» **Directions for this task**: One part of the entries below is wanted: the lines from the one containing "我的休闲时光甄嬛传联动甄学小考点答案汇总" through the one containing "2021年10月28日(木)は もう 0000". Write those out exactly and nothing else.

» **Data listing**:
◇ ◇ ◇ ◇

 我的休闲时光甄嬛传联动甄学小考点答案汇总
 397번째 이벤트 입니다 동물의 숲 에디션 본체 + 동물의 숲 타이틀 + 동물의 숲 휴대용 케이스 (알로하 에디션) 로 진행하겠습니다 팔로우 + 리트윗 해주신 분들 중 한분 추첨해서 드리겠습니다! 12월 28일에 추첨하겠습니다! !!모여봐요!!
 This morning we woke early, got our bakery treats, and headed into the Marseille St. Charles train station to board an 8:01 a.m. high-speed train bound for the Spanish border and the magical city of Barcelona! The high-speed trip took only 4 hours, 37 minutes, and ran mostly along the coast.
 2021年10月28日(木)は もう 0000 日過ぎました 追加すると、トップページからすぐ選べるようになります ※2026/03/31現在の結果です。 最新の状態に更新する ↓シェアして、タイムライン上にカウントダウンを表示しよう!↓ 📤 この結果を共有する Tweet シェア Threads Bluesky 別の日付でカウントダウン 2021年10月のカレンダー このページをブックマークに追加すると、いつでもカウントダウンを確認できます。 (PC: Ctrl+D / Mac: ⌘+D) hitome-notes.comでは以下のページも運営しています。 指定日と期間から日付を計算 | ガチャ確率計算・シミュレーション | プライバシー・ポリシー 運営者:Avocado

◇ ◇ ◇ ◇

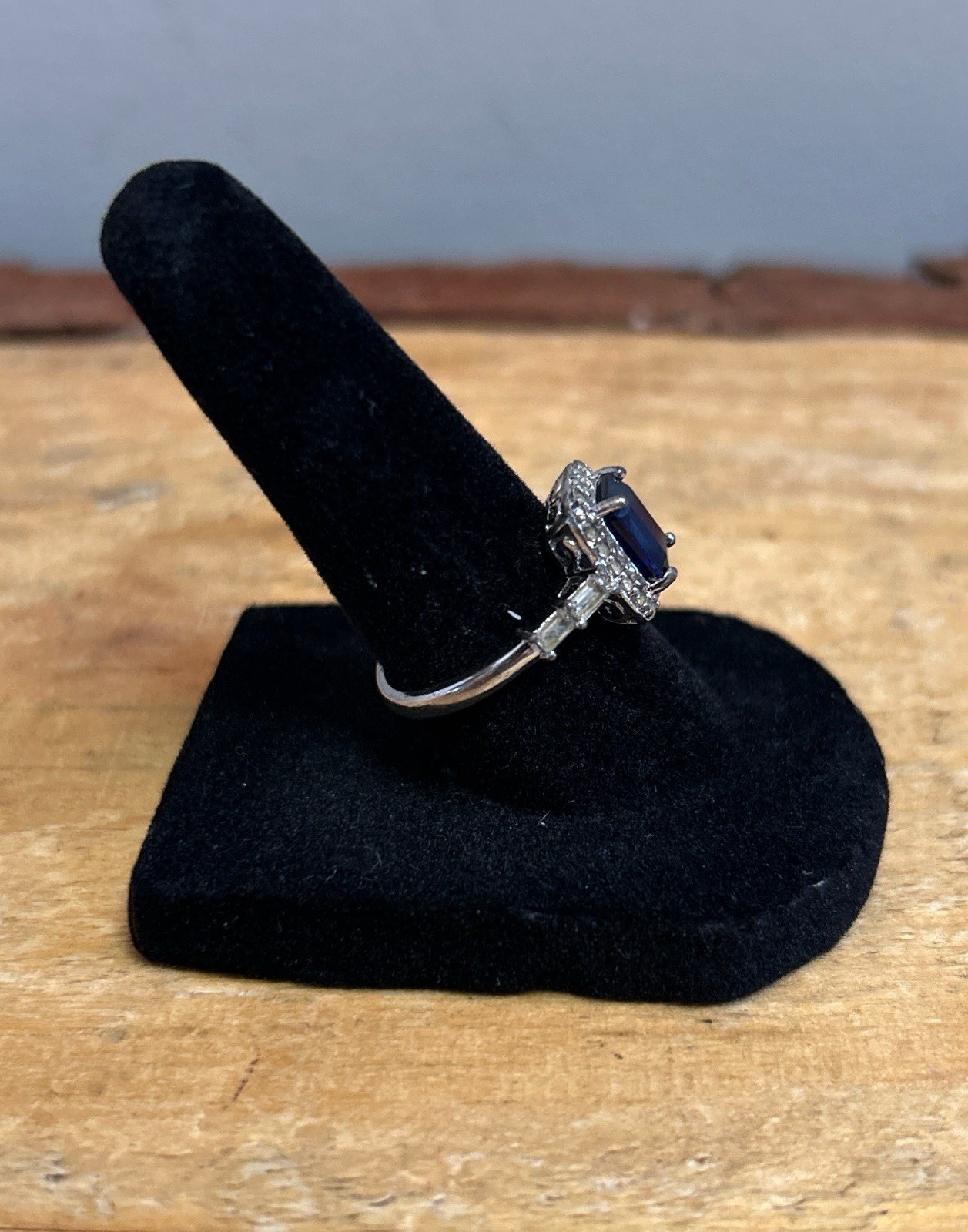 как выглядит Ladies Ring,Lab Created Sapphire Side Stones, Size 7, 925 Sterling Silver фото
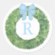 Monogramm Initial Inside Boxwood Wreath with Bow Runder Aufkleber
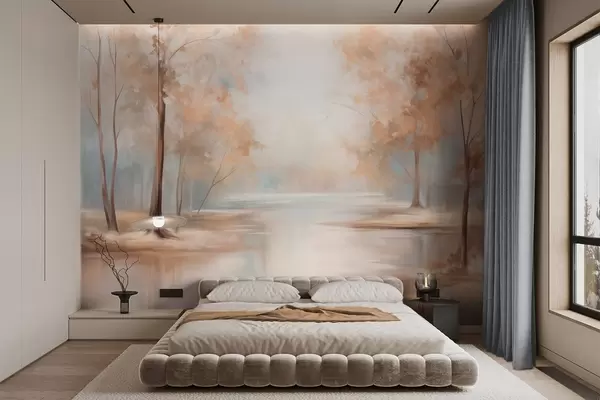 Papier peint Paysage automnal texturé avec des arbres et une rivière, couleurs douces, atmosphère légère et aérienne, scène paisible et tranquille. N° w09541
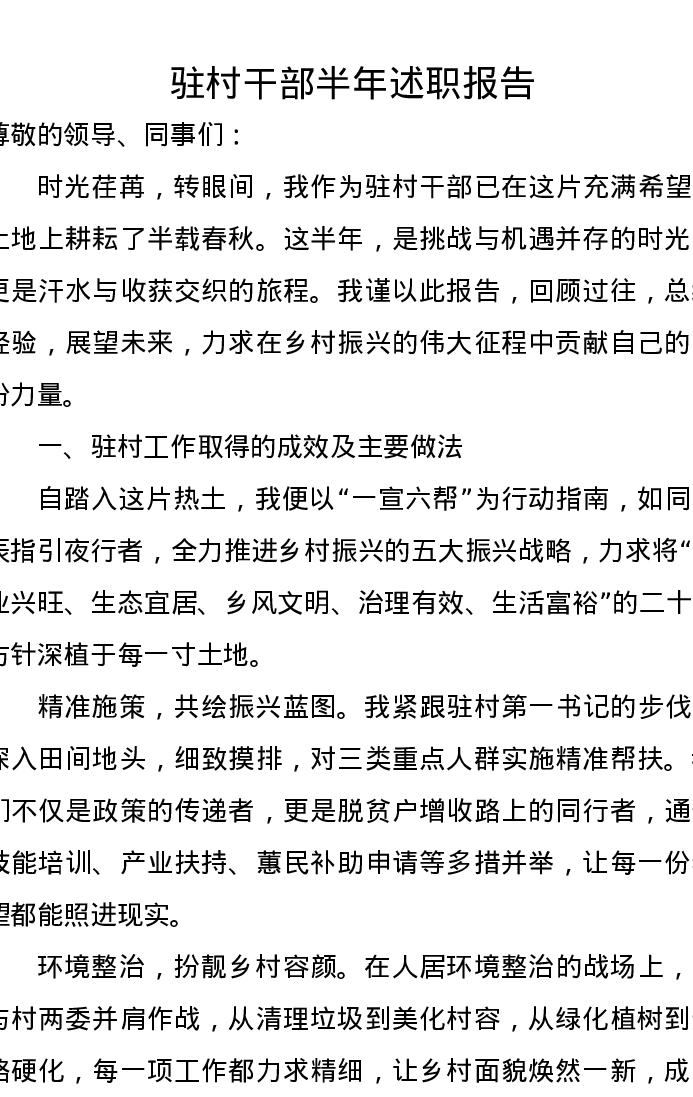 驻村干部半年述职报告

◇ ◇ ◇ ◇

» **Your response**:
 我的休闲时光甄嬛传联动甄学小考点答案汇总
 397번째 이벤트 입니다 동물의 숲 에디션 본체 + 동물의 숲 타이틀 + 동물의 숲 휴대용 케이스 (알로하 에디션) 로 진행하겠습니다 팔로우 + 리트윗 해주신 분들 중 한분 추첨해서 드리겠습니다! 12월 28일에 추첨하겠습니다! !!모여봐요!!
 This morning we woke early, got our bakery treats, and headed into the Marseille St. Charles train station to board an 8:01 a.m. high-speed train bound for the Spanish border and the magical city of Barcelona! The high-speed trip took only 4 hours, 37 minutes, and ran mostly along the coast.
 2021年10月28日(木)は もう 0000 日過ぎました 追加すると、トップページからすぐ選べるようになります ※2026/03/31現在の結果です。 最新の状態に更新する ↓シェアして、タイムライン上にカウントダウンを表示しよう!↓ 📤 この結果を共有する Tweet シェア Threads Bluesky 別の日付でカウントダウン 2021年10月のカレンダー このページをブックマークに追加すると、いつでもカウントダウンを確認できます。 (PC: Ctrl+D / Mac: ⌘+D) hitome-notes.comでは以下のページも運営しています。 指定日と期間から日付を計算 | ガチャ確率計算・シミュレーション | プライバシー・ポリシー 運営者:Avocado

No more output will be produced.